| Exercise prompt |
Repeat each line of the material below exactly as it appears, minus any pictures.

| Available data |
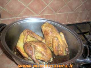 Ingredienti per persone: una faraona da 1 kg o 1 kg e 200 gr - rosmarino - timo - salvia - maggiorana - 3 spicchi d'aglio - peperoncino - poco pepe - sale - olio q.b.
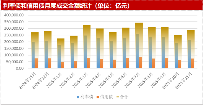 债券二级市场11月成交概况 - 11月债券二级市场总成交金额为340,656.40亿元,实现同比2.21%和环比14.62%的双增长 [3] - 利率债成交金额为214,422.16亿元,同比、环比分别增长9.81%和13.72% [4] - 信用债成交金额为73,338.98亿元,同比减少3.40%,但环比增加19.23% [4] 信用债成交结构特征 - 产业债成交金额环比增加16.81%,城投债成交金额环比增加12.74%,市场流动性较前期改善 [4] - 高等级债券是市场成交主力,低评级债券交投热度无明显波动,反映市场信用风险偏好稳健 [1][4] - 产业债成交偏好1年以下短久期品种,城投债成交久期则向3-5年中长期限倾斜 [1][4] 信用利差表现 - 11月信用利差呈V型震荡,月末收于37.34bp,与上月末基本持平,但较去年同期收窄22.14bp [1][4] - 截至11月30日,行业利差中位数最高的五个行业为:医药生物(93.90bp)、房地产(86.90bp)、电力设备(86.15bp)、钢铁(85.46bp)、社会服务(75.03bp) [5] - 行业利差中位数最低的五个行业为:传媒(37.48bp)、公用事业(44.12bp)、交通运输(45.24bp)、电子(46.50bp)、建筑材料(48.49bp) [5] 行业与区域信用分化 - 多数行业利差中枢环比走阔,钢铁、石油石化等周期性行业利差上行超20bp [5] - 医药生物行业利差继上月走阔10bp后,本月再度大幅走阔20bp,行业信用风险定价持续走高 [5] - 城投债整体信用利差延续收窄态势,但区域分化明显:吉林城投债利差环比涨幅接近30bp,河北、湖南、陕西区域利差增幅也超过10bp [5] 后市展望 - 信用利差整体将维持低位震荡格局,进一步压缩或大幅走阔的空间均相对有限 [1][6] - 利差难以大幅压缩因当前已处历史相对低位,下行动力不足 [6] - 利差难以大幅走阔因化债政策持续发力提供支撑,且市场高息资产稀缺格局短期难改,需求对利差形成支撑 [6]
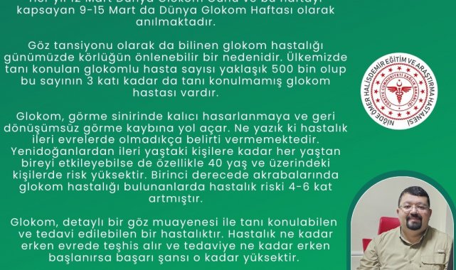 12 Mart Dünya Glokom Günü nedeniyle açıklama yapan Göz Hastalıkları Uzmanı Dr. Öğr. Üyesi Ömer Özer göz tansiyonu olarak da bilinen glokomun, önlenebilir körlük nedenlerinden biri olduğunu söyledi.

| Written reply |
 Ingredienti per persone: una faraona da 1 kg o 1 kg e 200 gr - rosmarino - timo - salvia - maggiorana - 3 spicchi d'aglio - peperoncino - poco pepe - sale - olio q.b.
 债券二级市场11月成交概况 - 11月债券二级市场总成交金额为340,656.40亿元,实现同比2.21%和环比14.62%的双增长 [3] - 利率债成交金额为214,422.16亿元,同比、环比分别增长9.81%和13.72% [4] - 信用债成交金额为73,338.98亿元,同比减少3.40%,但环比增加19.23% [4] 信用债成交结构特征 - 产业债成交金额环比增加16.81%,城投债成交金额环比增加12.74%,市场流动性较前期改善 [4] - 高等级债券是市场成交主力,低评级债券交投热度无明显波动,反映市场信用风险偏好稳健 [1][4] - 产业债成交偏好1年以下短久期品种,城投债成交久期则向3-5年中长期限倾斜 [1][4] 信用利差表现 - 11月信用利差呈V型震荡,月末收于37.34bp,与上月末基本持平,但较去年同期收窄22.14bp [1][4] - 截至11月30日,行业利差中位数最高的五个行业为:医药生物(93.90bp)、房地产(86.90bp)、电力设备(86.15bp)、钢铁(85.46bp)、社会服务(75.03bp) [5] - 行业利差中位数最低的五个行业为:传媒(37.48bp)、公用事业(44.12bp)、交通运输(45.24bp)、电子(46.50bp)、建筑材料(48.49bp) [5] 行业与区域信用分化 - 多数行业利差中枢环比走阔,钢铁、石油石化等周期性行业利差上行超20bp [5] - 医药生物行业利差继上月走阔10bp后,本月再度大幅走阔20bp,行业信用风险定价持续走高 [5] - 城投债整体信用利差延续收窄态势,但区域分化明显:吉林城投债利差环比涨幅接近30bp,河北、湖南、陕西区域利差增幅也超过10bp [5] 后市展望 - 信用利差整体将维持低位震荡格局,进一步压缩或大幅走阔的空间均相对有限 [1][6] - 利差难以大幅压缩因当前已处历史相对低位,下行动力不足 [6] - 利差难以大幅走阔因化债政策持续发力提供支撑,且市场高息资产稀缺格局短期难改,需求对利差形成支撑 [6]
 12 Mart Dünya Glokom Günü nedeniyle açıklama yapan Göz Hastalıkları Uzmanı Dr. Öğr. Üyesi Ömer Özer göz tansiyonu olarak da bilinen glokomun, önlenebilir körlük nedenlerinden biri olduğunu söyledi.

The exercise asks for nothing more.